76-Year-Old Race Car Driver Working to Beat His Own Record This Weekend at Sebring
What do you do after setting the benchmark for oldest-ever IMSA race victor? Try and win again the next year, of course.
Longevity in racing is something that oftentimes boils down to luck rather than skill. After all, it takes a heaping dose of good fortune to come away unscathed from years of high-speed action at millimeter-close distance from your rivals. But what about when you don't pick up a helmet until later in life? That seems to have worked for Dave House who, at 76-years-old, is looking to gain his second career victory—one year after his first—at the famous Sebring International Raceway.
While he may not be mentioned in the same breath as motorsport's iron man Mario Andretti, House is a bonafide driver who competes in IMSA's Prototype Challenge category driving the No. 86 Ligier JSP3. It's equipped with a Nissan-sourced, 5.0-liter V-8 and has massive amounts of grunt compared to the four-cylinder Elan DP02 racer he piloted in his maiden victory.
“I’m really looking forward to it,” House said of his repeat attempt. “I was 75 last year when I won."
“This year I’ll be 76 when I win, assuming I can win of course.
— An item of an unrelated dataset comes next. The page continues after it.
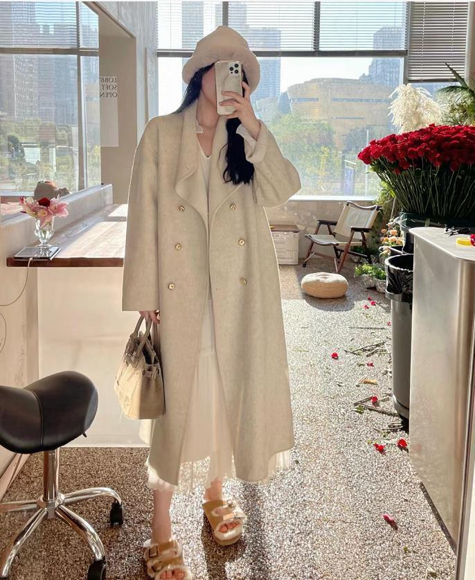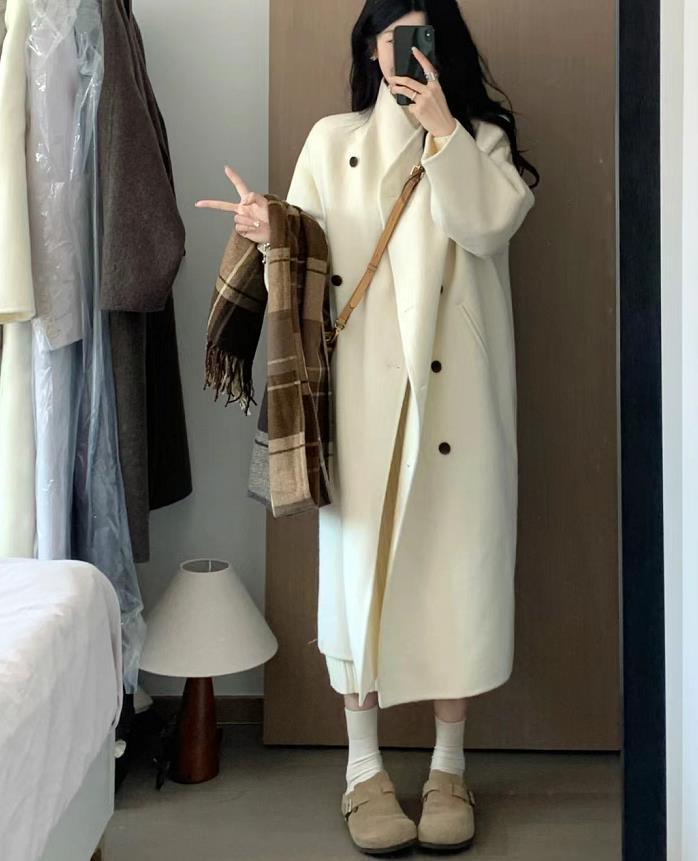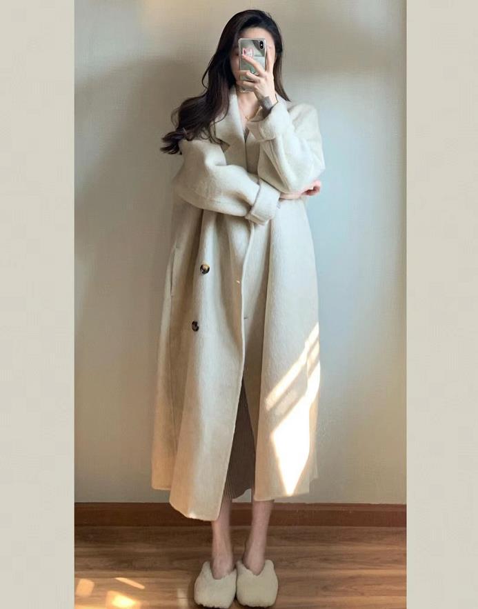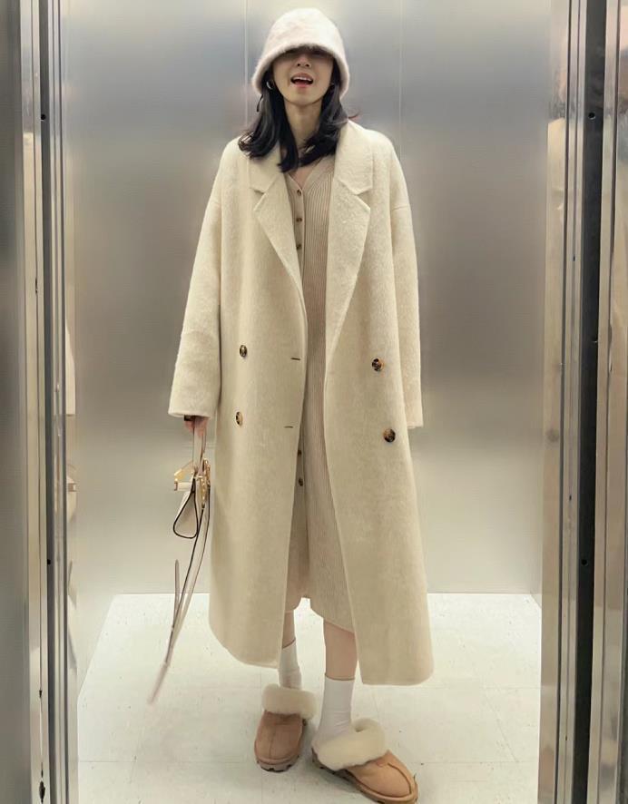 奶白色的大衣,看起來就很喜歡,它這個顏色並不是純白,而是融入了一絲牛奶色,很乖巧低調的色系。
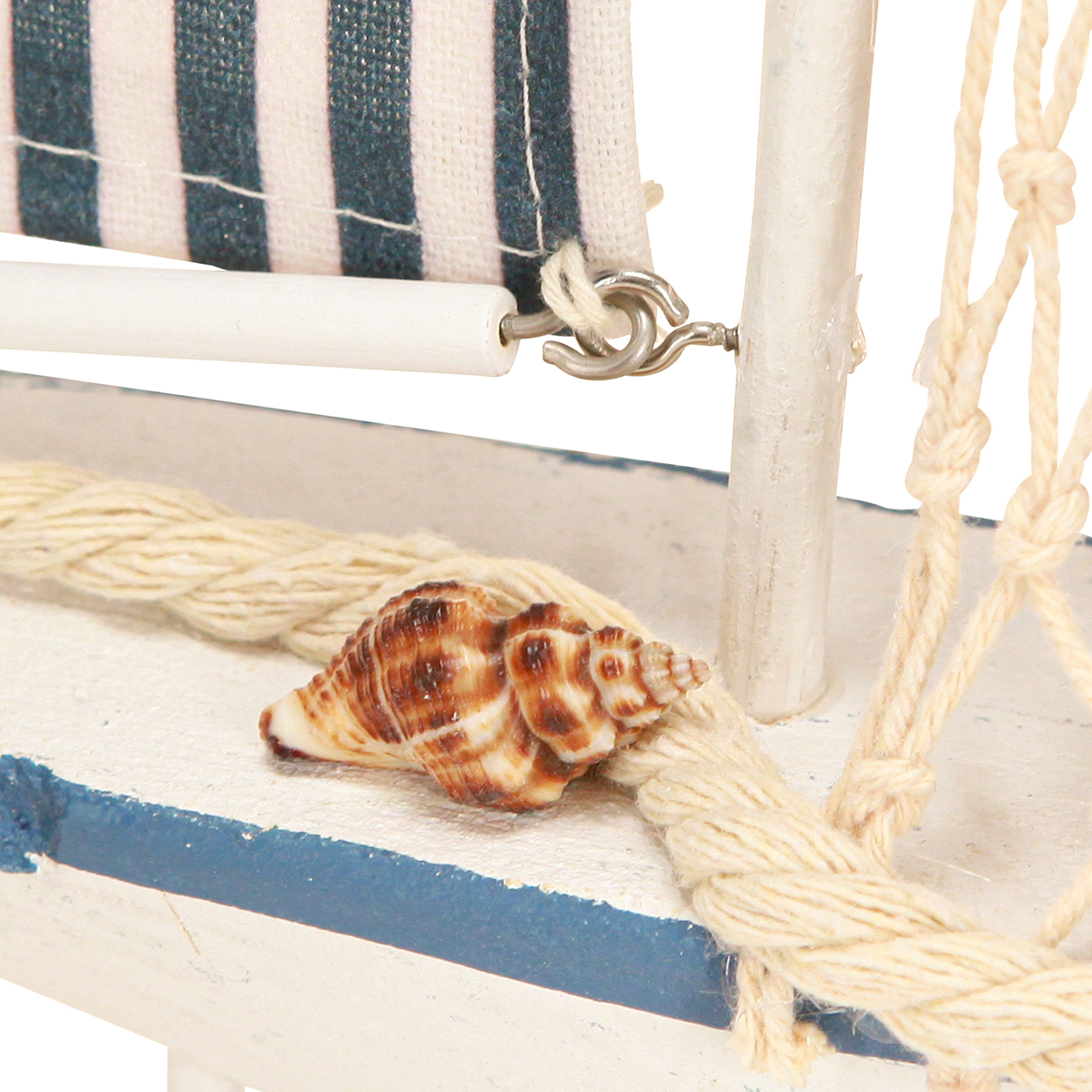 Add a stylish nautical touch to your home with our decorative pinewood sailboat. This white and blue jewel will breathe new life into any room and instantly lend it a nautical touch. Featuring a white hull and blue rim, the sailboat captivates with its charming design. The white and blue linen sail, accented by cream-colored macramé, seashells, a starfish, and snails, creates an authentic look. A sturdy wooden base ensures stability. Every detail demonstrates high-quality craftsmanship and underscores the nautical charm of this wooden decoration.

But there’s a whole new field, a whole new car, a much heavier car, a lot more horsepower, power steering, so it’s not as hard to drive.”
House also drove in the January season-opener at Daytona where he finished 16th. While he admittedly enjoyed racing there, though, he says that Sebring is a much more challenging course given its tricky layout and rough surface.
“(Daytona) is much simpler,” he said. “A big banking, straightaways. Sebring has got all kinds of turns and of course, those awful bumps that beat the daylights out of you. Hopefully, with this heavier car, it’ll be a little more comfortable going over those bumps at Sebring.”
House will climb into his single-seater at 12:35 p.m. EST Thursday in hopes of re-setting his record in the one-hour, 45-minute event. The race will later be aired by NBCSN on March 28 at 2 p.m.